Photos by Pam Zubeck
Many showed up in wheelchairs and walkers to worship a man who mocked a disabled reporter.
They came in heavy coats. They came in shorts. They came in jeans and bell bottoms. They came in MAGA hats, Trump capes, Trump masks and flag-decorated clothing.
They came with walkers, wheelchairs and canes.
The young, old, black, brown, rich, poor, female and male — they all came.
They came in droves from Colorado Springs, Denver, Arvada, Aurora, Guffey, Limon, Cañon City and elsewhere.
They flocked to Colorado Springs to show homage to their leader, President Donald Trump, who was due to sweep them off their feet at The Broadmoor World Arena at a 5 p.m. rally on Feb. 20.
They were eager to be swept.
Bill Larkin donned his Trump mask to honor the president.
"I love the man," said Robert Nelson, who moved to Cañon City from Mississippi three years ago. "I want to see him personally. I voted for him last time, because my wife said so. This time, I want to vote for him because I want to."
Nelson went on to emphasize that he's a Christian, and he likes Trump's attempt to restore prayer in public school classrooms. "We need to bring some values back into it," he added. Asked about Trump's values, such as allegedly assaulting women and calling anyone who opposes him names, Nelson said Trump's attacks are merely in response to being repeatedly criticized by others. He chalked up the assaults on women to stupid things people do when they're younger. "I have to weigh the good things with the bad things."
But Trump's rallies are so inspiring, he noted, that a Democrat friend from the South told him she recently attended a Trump rally and said "she might be converted."
Most of those streaming to the World Arena on Thursday, Feb. 20, were already converted.
A band of four teenagers from Arvada — all too young to vote — lavished praise on the president.

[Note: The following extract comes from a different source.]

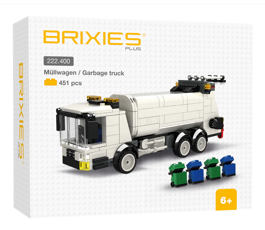 Der BRIXIES Plus Müllwagen Garbage Truck ist ein tolles Bau- und Spiel-Set aus der Welt der Stadtreinigung. Der Müllwagen hat einen zu öffnenden Laderaum und 4 klappbaren Mülltonen. Klemmbaustein-Sets födern die Feinmotorik, Konzentration und Geduld. Das Spielen mit dem Müllwagen regt die Fantasie an. Die Steine können selbstverständlich auch frei zu eigenen Kreationen zusammengesteckt und mit den Steinen anderer Sets kombiniert werden.
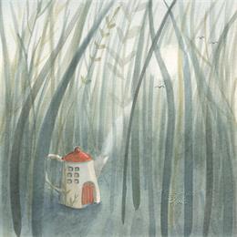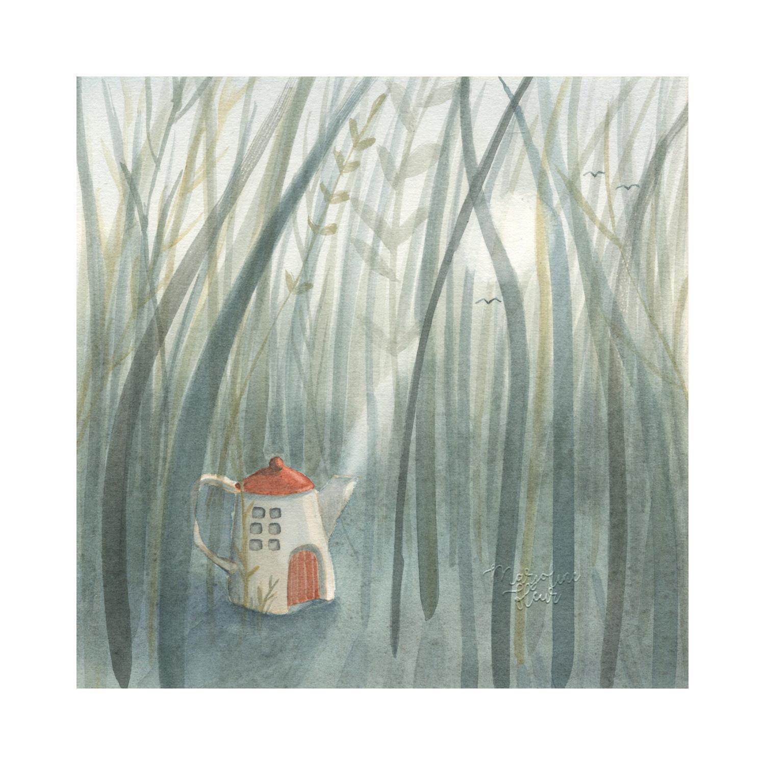 This unique and original contemporary artwork "Maison théière champs" on the subject of Landscapes has been created by the contemporary artist Marjoline Fleur.

"We love Trump, because he gets what he wants done, like he cuts taxes, slowing down immigration and cutting trade deals," one said.
Sophie Colvard, too, expressed devotion to Trump because of the healthy economy and his opposition to abortion.
An adult with the group asked them, "And if you could vote, who would you vote for?"
All chimed, "Trump."
Trump provides a marketing bonanza. Vendors hawked Trump gear, from hats to bumper stickers, and red stocking hats labeled "Tump 2020." They were flying off the tables and onto adoring heads, creating a sea of crimson as thousands queued up to enter the arena.
One vendor said he follows the Trump campaign to every rally and, himself, is pro-Trump. "Why not?" he said. "He's the president. I don't believe everything in the fake newspapers." The vendor said he donates 20 percent of his take to the Trump re-election campaign.
Another vendor from Phoenix, Arizona, Julian Conradson, said Trump's his man. "He does what he's promised in breaking up the corruption in Washington. He's the greatest president we've every had."
Dozens carried clipboards and worked the crowd registering people to vote.
Voter registration experienced a big push ahead of Trump's rally.
Two Colorado Springs women proclaimed, "We love Trump. We're committed to him."
As a backdrop to the pulsing crowd, which periodically broke into chants of "USA USA USA," a billboard-sized screen broadcast programming generated by the Trump campaign in a talk-show format, with numerous people of color asserting how great Trump has been for minorities.
Many let their garments do the talking in honor of Trump.
The "hosts" also issued an announcement that if anyone detected a "protester," they were not to touch them but to hold a Trump sign over their head and chant, "Trump Trump Trump" until security could "remove the protester."
A retired couple from Guffey, Suzanne and Jim Montague, said they came because they "enjoy listening" to Trump speak.
"He's there for the American people. He's not there for himself or special interests," Suzanne Montague said. "Everything he does is right. You might not see it right away, but you see it eventually."
Supporters seemed to be waiting patiently to see the president outside the World Arena.
Security was thick at the arena, with on-duty police officers providing crowd control, and the city's vehicles blocking traffic on roads that border the World Arena. The city and El Paso County say they aren't charging the Trump campaign
(nor do they charge any dignitary) for assets used to support the rally.